Underscoring this controversy, in an attempt to pre-empt the DSM-V and reframe how the public understands addiction, last week the American Society of Addiction Medicine (ASAM) released its own definition—a more radical revision because it defines the disease almost entirely as a neurological dysfunction—a brain disorder.

“Abuse” and “Dependence” vs. “Addiction”

The DSM-5 will—after a review process already in its closing stages—do away with the long-established distinction between “abuse” and “dependence.” In the DSM-IV, abuse was the harmful or excessive use of a substance, dependence the habitual harmful use of a substance. All addicts were understood to move from abuse to dependence, although not all abusers became dependent (or addicted), so the two conditions were different problems with different diagnostic criteria that demanded a different treatment. Starting with the release of the DSM-5, abuse and dependence will be collapsed into a single diagnosis—“substance use disorder”—specified by 11 “criteria.” You will have to meet only two of these 11 criteria to merit a “moderate” diagnosis—a relatively low threshold that has raised the hackles of some addiction specialists. In the DSM-IV, patients had to meet three criteria out of seven to qualify for a diagnosis of “dependence.”

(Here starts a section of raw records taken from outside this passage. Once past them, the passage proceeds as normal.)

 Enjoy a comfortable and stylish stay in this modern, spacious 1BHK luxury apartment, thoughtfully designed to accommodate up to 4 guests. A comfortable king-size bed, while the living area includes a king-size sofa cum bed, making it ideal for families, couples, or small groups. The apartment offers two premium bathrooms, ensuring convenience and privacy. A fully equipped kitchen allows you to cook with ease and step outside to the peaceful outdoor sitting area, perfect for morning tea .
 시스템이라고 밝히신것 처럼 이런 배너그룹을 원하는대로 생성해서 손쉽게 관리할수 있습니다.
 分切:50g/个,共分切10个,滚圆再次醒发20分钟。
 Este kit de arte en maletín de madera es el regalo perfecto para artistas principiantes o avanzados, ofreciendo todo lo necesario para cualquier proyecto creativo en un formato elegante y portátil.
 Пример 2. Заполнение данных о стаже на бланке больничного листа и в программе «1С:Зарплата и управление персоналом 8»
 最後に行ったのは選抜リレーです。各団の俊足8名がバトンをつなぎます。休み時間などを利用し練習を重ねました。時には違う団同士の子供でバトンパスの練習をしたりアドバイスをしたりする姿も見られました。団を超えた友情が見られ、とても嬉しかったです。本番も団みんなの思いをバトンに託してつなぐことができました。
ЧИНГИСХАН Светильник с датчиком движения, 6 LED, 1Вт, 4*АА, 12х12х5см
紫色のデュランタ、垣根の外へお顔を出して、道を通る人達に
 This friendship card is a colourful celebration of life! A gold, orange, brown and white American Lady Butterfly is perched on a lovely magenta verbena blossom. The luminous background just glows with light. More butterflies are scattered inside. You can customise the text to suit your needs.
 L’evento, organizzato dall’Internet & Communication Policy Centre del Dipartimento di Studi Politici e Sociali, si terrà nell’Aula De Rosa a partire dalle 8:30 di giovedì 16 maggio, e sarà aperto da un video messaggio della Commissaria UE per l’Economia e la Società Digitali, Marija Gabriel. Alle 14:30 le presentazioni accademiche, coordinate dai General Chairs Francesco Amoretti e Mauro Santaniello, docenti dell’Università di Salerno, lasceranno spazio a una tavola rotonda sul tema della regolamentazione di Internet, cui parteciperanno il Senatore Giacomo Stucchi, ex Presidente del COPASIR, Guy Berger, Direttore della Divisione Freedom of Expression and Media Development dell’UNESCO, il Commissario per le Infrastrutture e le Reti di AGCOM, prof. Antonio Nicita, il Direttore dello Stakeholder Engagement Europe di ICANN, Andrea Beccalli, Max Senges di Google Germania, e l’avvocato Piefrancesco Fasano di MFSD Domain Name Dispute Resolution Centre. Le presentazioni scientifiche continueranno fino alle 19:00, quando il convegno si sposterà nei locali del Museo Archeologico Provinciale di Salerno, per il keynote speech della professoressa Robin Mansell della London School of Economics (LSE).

If this is likely to be the most controversial revision, the one that has so far garnered the most headlines is the introduction of the word addiction itself to describe these disorders. As baffling as it may seem, the word was effectively banned from previous version of the mental-health bible. So for the first time, the DSM-5 will feature a section titled “Addiction and Related Disorders,” which will include “substance-use disorders”—for example, “alcohol-use disorder” and “cannabis-use disorder.”